FIG. 7b is a characteristic diagram showing the relationship between the flight distance by which the small-diameter ink droplet passes before uniting with the large-diameter ink droplet and the vibration exciting voltage;

FIG. 8a is a diagrammatic view showing the flight path of an ink droplet with the large- and small-diameter droplets united;

FIG. 8b is a diagrammatic view showing the flight paths of the small-diameter ink droplet and the large-diameter sole ink droplet;

FIGS. 9a-9d show a recording time chart;

FIG. 10 is a schematic diagram of a facsimile system to which the ink jet printer of this invention is applied;

FIGS. 11-13 are schematic diagrams of ink jet printers showing further embodiments;

FIGS. 14a-14c show another recording time chart; and

FIG. 15 is a circuit diagram of a modulation device.

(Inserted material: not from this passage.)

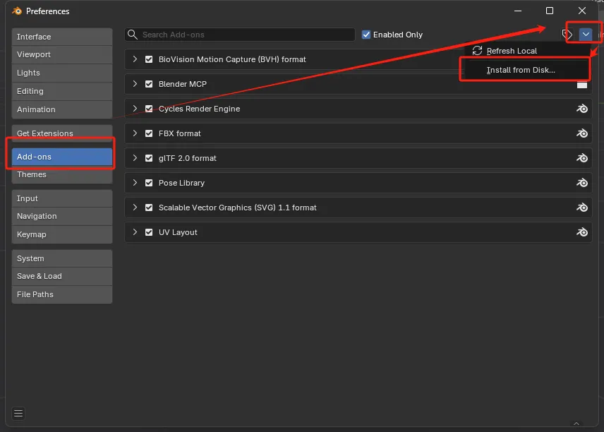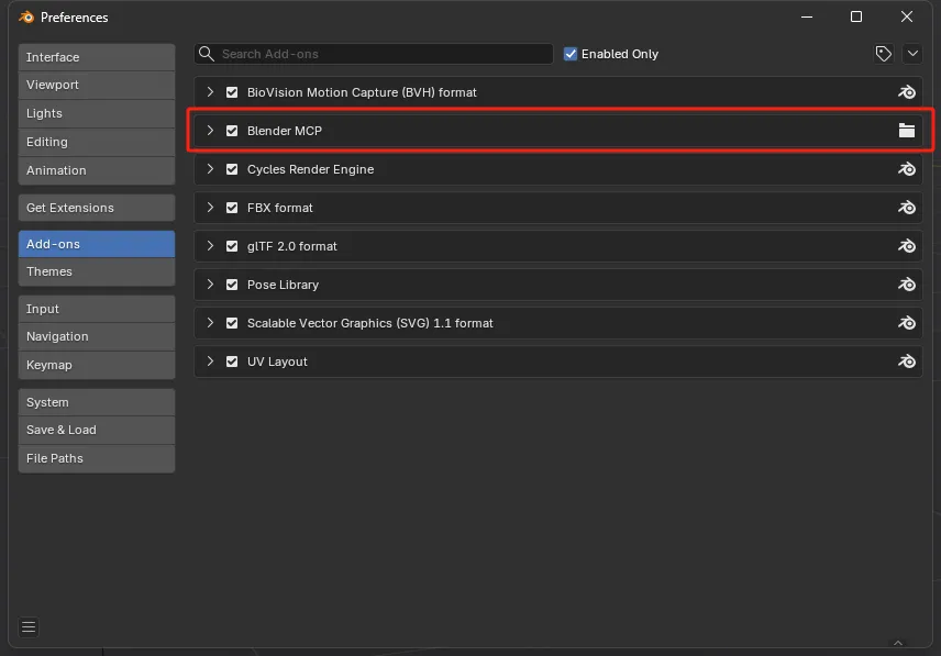 - 安装完成后,在插件列表中,搜索「Blender MCP」,会找到名为「Interface: Blender MCP」的插件,勾选插件前方的复选框,启用插件。

DETAILED DESCRIPTION OF THE PREFERRED EMBODIMENTS

FIG. 1 shows the fundamental construction of an ink jet printer according to this invention. Pressurized ink 4 is guided to a nozzle 1 on which an electromechanical transducer 3 is mounted, and the ink is spouted from the nozzle hole as an ink stream. The electromechanical transducer 3 vibrates on the basis of an output signal of a high-frequency power source 2, to alternately separate the spouted ink stream into alternate, large-diameter ink droplets 14 and small-diameter ink droplets 15 which are emitted towards a recording medium 12. In the vicinity of the fore end of an ink stream 5 which extends a predetermined distance from the nozzle hole, a charging electrode 7 is situated so as to form an electrostatic capacitance between the ink stream 5 and the electrode 7. A DC high-voltage power source 13 for charging droplets is connected between the electrode 7 and the ink 4 supplied to the nozzle so as to apply charges to the large-diameter ink droplets 14 and small-diameter ink droplets 15. In order to establish an electric field which applies deflecting forces to the charged ink droplets 14 and 15, deflecting electrodes 9a and 9b are installed with the flight paths of the ink droplets 14 and 15 intervening therebetween, and a DC high-voltage power source 10 for deflection of the droplets is connected across these electrodes 9a and 9b. Thus, the large-diameter ink droplets 14 and the small-diameter ink droplets 15 are deflected in accordance with respective deflection characteristics during flight, and are separated from each other in a deflecting direction in amounts according to the flight distances (flight time). A modulation device 16 for modulating the vibration exciting electric signal, and an amplifier 17 for amplifying the vibration exciting electric signal are interposed between the high-frequency power source 2 and the electromechanical transducer 3. The signal modulation device 16 changes the magnitude of the vibration exciting electric signal on the basis of an electric signal from the generating device 8 for generating a recording electric signal so as to change the flight velocity of the small-diameter ink droplets 15. Shield means 11 for intercepting selected ink droplets is installed at a position at which the flight paths of the small-diameter ink droplets 15 and ink droplets 140 created by the union between the large- and small-diameter ink droplets are to be blocked.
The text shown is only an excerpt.